I’ve been working with Clojure a fair amount in production projects and found myself writing a lot of tasks that required asyncronous calls, but knew that callbacks weren’t the answer, so I turned to Core Async to manage that work with channels.
When I first read through the rationale and walkthrough of core async, I thought I was all set up to start writing core.async-based code.
I was wrong. Core.Async is a library with a lot of dangerous edge cases, and if you don’t understand these edges, you’re in for a lot of trouble. The official documentation doesn’t cover these cases, so I’m going to lay out some of them out here, and talk about how to avoid them.
Edge One: Threadpool underneath the go macro
What’s wrong with this code?
(require '[clojure.core.async :as a])
(import 'java.util.concurrent.ArrayBlockingQueue)
(def queue (ArrayBlockingQueue. 10))
(dotimes [i 10] (a/go-loop [] (.put queue i) (recur)))
(a/go-loop [] (println (.take queue)) (recur))
The final go-loop
will never print because of a deadlock.
The thread pool
that underpins
the execution of the go
macro is set to eight threads. This wasn’t
always
so
and it may change again. Since go
routines are multiplexed on this eight-thread pool, you need to be very careful with
what you do inside these go
blocks. If you’re executing thread-blocking operations like reading/writting a file with
InputStream/OutputStream, any blocking network calls or any kind of mutex you can potentially deadlock the pool.
Never put anything that blocks threads inside a go
block. The only exception I would make is logging
because that shouldn’t meaningfully block your thread pool. Even then I prefer to use an
async logger. That means that go
blocks are for
computation and non-blocking io only.
The reason the code above deadlocks is because the producer go-loop
s use all the available 8 threads which means
the consumer go-loop
cannot run. Unlike a BlockingQueue
core.async channels are designed to work with go
blocks and do not block threads but instead have parking semantics.
Edge Two: Too Many Puts
Consider the following code:
(require '[clojure.core.async :as a])
(def ch (a/chan))
=> nil
=> #'user/ch
(dotimes [i 1024] (a/put! ch i))
=> nil
(a/put! ch 1024)
What happens after the last put!
? For people bitten by this, seeing the number 1024 is enough
to guess. The dreaded AssertionError
.
AssertionError Assert failed: No more than 1024 pending puts are allowed on a single channel. Consider using a windowed buffer.
(< (.size puts) impl/MAX-QUEUE-SIZE) clojure.core.async.impl.channels.ManyToManyChannel (channels.clj:152)

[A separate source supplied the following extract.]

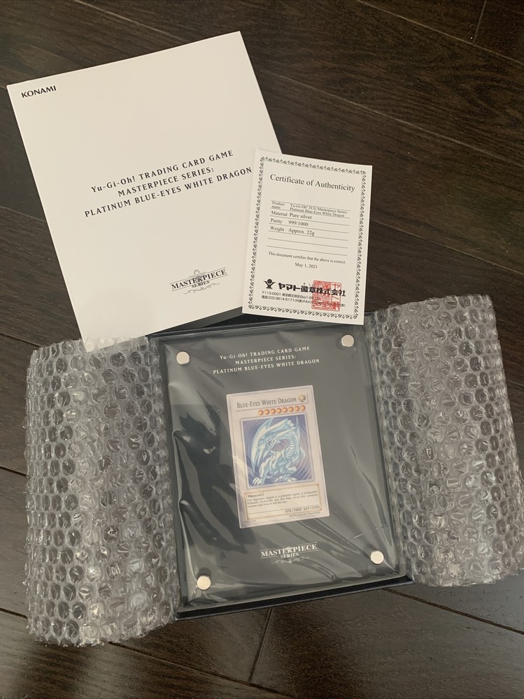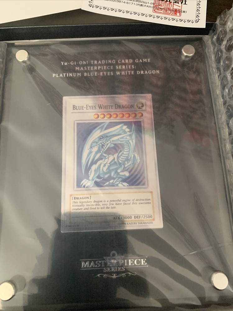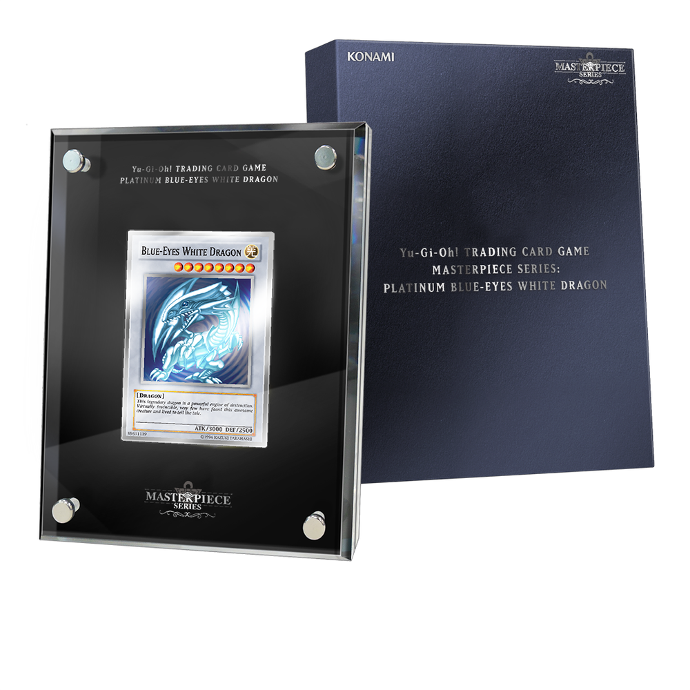 TRADING CARD GAME MASTERPIECE SERIES: PLATINUM BLUE-EYES DRAGON YU GI OH Card # 800 out of 1000! Celebrate in style, with a special, all-metal Blue-Eyes White Dragon card! This item is limited to one thousand initial copies in the Americas, US Version. Made of 99.9% pure silver, burnished to a platinum-colored finish, and encased in a protective brick of acrylic, at a thousand dollars each these cards are not for everyone.

This error means you’re almost certainly not handling backpressure correctly. That is, your code is producing events faster than the consumers can process them. Instead of pausing the producers to let the consumers catch up, producers keep producing. This causes the channel to blow up. There are hack solutions to get around this problem (dropping buffers), but chances are if you’re reaching for these to solve the MAX-QUEUE-SIZE problem, the code itself should be restructured.
For example, lets say we’re ingesting an event stream, and we have a URL that we need to query continuously and put the results on a channel. This service needs to be queried a million times in a row and gather results into a set. Here’s some code we could write:
Initial Version:
(require '[clojure.core.async :as a])
(def url ...)
(def topic-chan (a/chan 10))
(go-loop [gather #{}]
(if-some [event (a/<! topic-chan)]
(recur (conj gather (do-something-with-event event)))
gather))
(dotimes[_ 1000000]
(http/get url #(a/put! topic-chan %)))
Why is this code bad?
It’s almost guranteed to overproduce events and blow up the topic-chan.
Additionally, we’ll also
run out of socket descriptors because of unbounded http/get
calls. In blocking IO, this situation
would not be possible since every http/get
call would block the thread until it receives a response.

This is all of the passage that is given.